++++ Material provided ++++

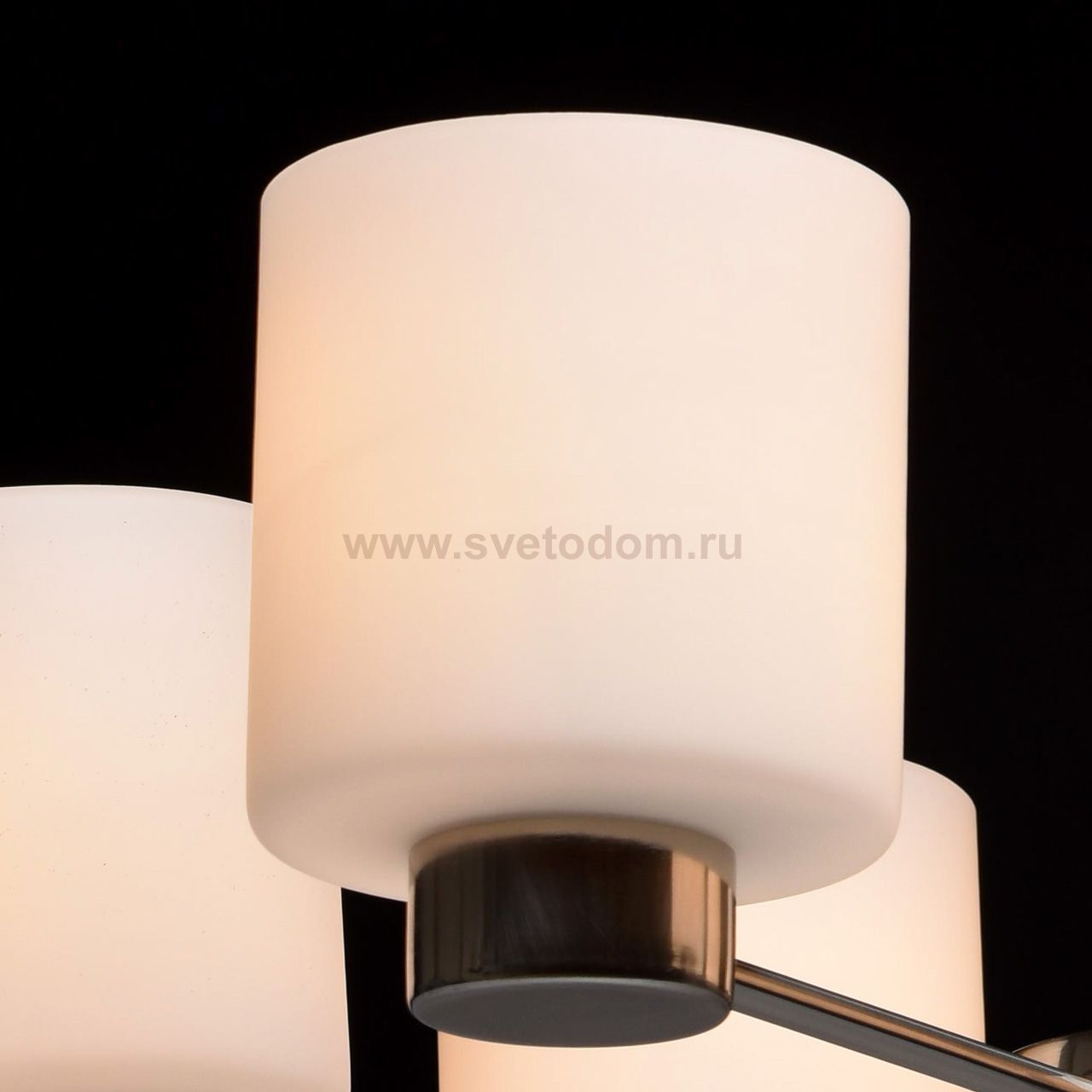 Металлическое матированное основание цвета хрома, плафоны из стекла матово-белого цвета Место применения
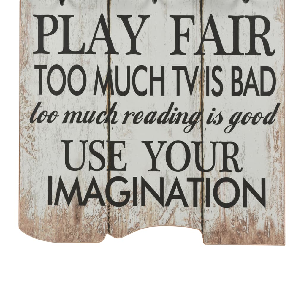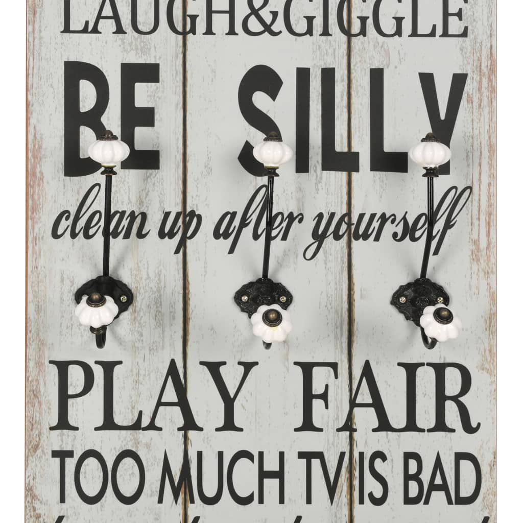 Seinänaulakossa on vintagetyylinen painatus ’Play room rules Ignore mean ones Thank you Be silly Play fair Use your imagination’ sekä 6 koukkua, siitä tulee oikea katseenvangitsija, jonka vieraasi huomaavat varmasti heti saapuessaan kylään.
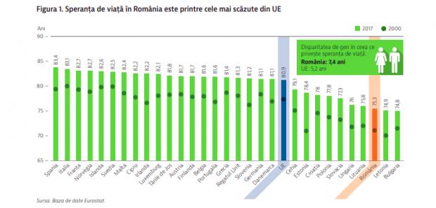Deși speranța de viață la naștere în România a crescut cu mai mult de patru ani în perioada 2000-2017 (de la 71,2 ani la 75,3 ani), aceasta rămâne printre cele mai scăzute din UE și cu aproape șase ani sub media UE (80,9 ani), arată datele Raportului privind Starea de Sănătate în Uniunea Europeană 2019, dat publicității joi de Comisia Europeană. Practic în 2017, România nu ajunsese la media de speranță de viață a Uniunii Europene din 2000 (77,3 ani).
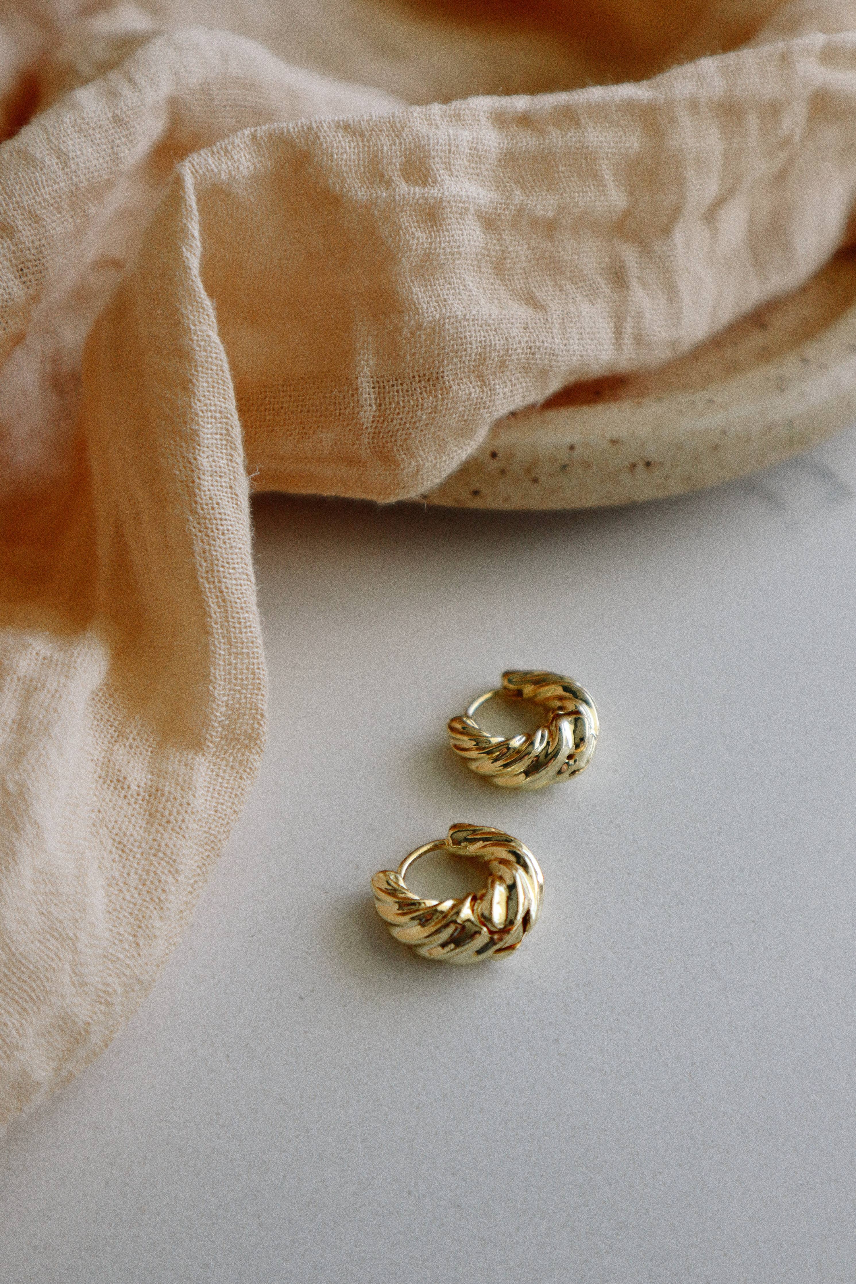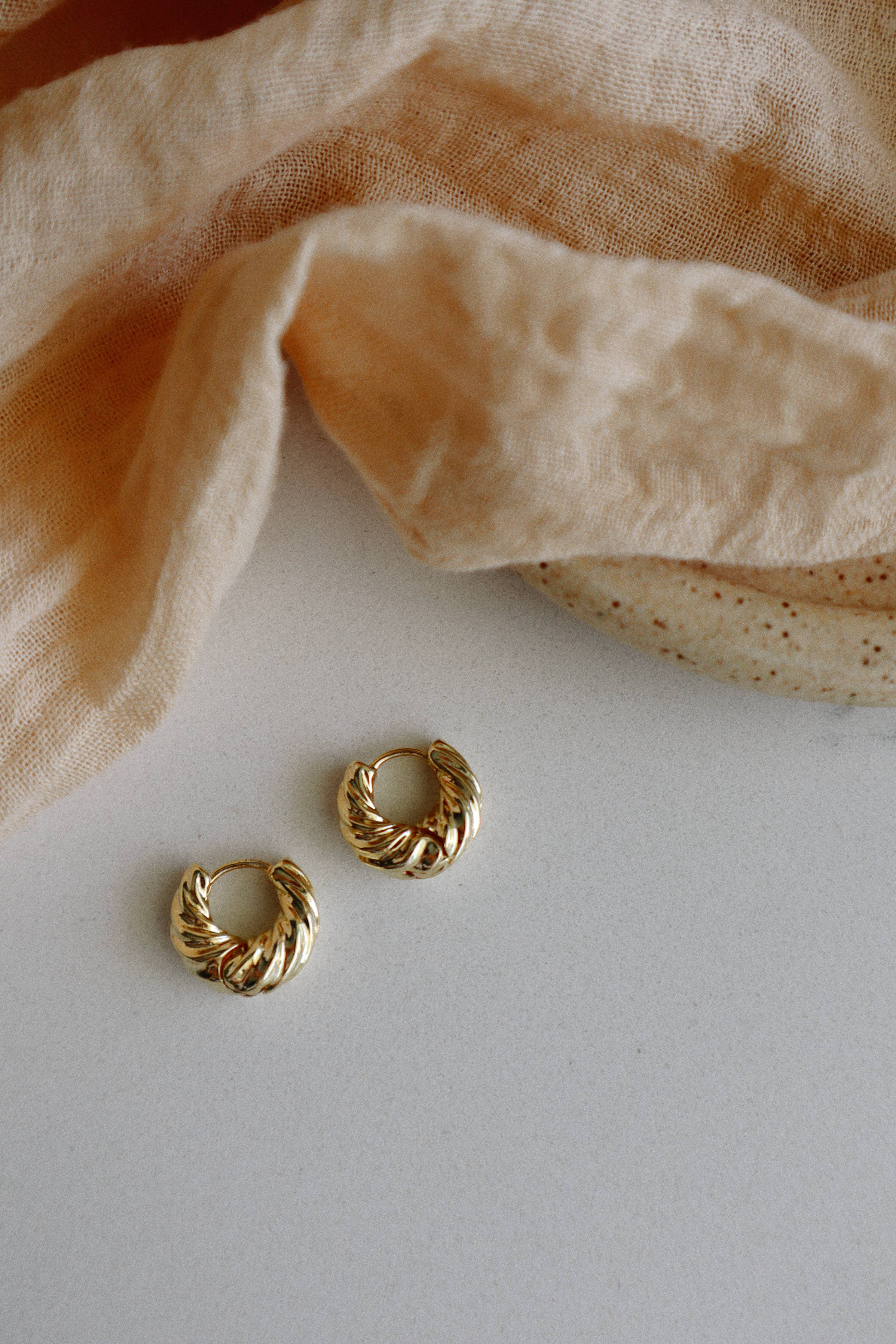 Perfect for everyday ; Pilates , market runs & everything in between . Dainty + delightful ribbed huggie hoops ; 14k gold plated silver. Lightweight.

++++

The response must match the data line for line, from its first line through the line with "Seinänaulakossa on vintagetyylinen", inclusive, and must leave out the pictures.

Response to this exercise>
 Металлическое матированное основание цвета хрома, плафоны из стекла матово-белого цвета Место применения
 Seinänaulakossa on vintagetyylinen painatus ’Play room rules Ignore mean ones Thank you Be silly Play fair Use your imagination’ sekä 6 koukkua, siitä tulee oikea katseenvangitsija, jonka vieraasi huomaavat varmasti heti saapuessaan kylään.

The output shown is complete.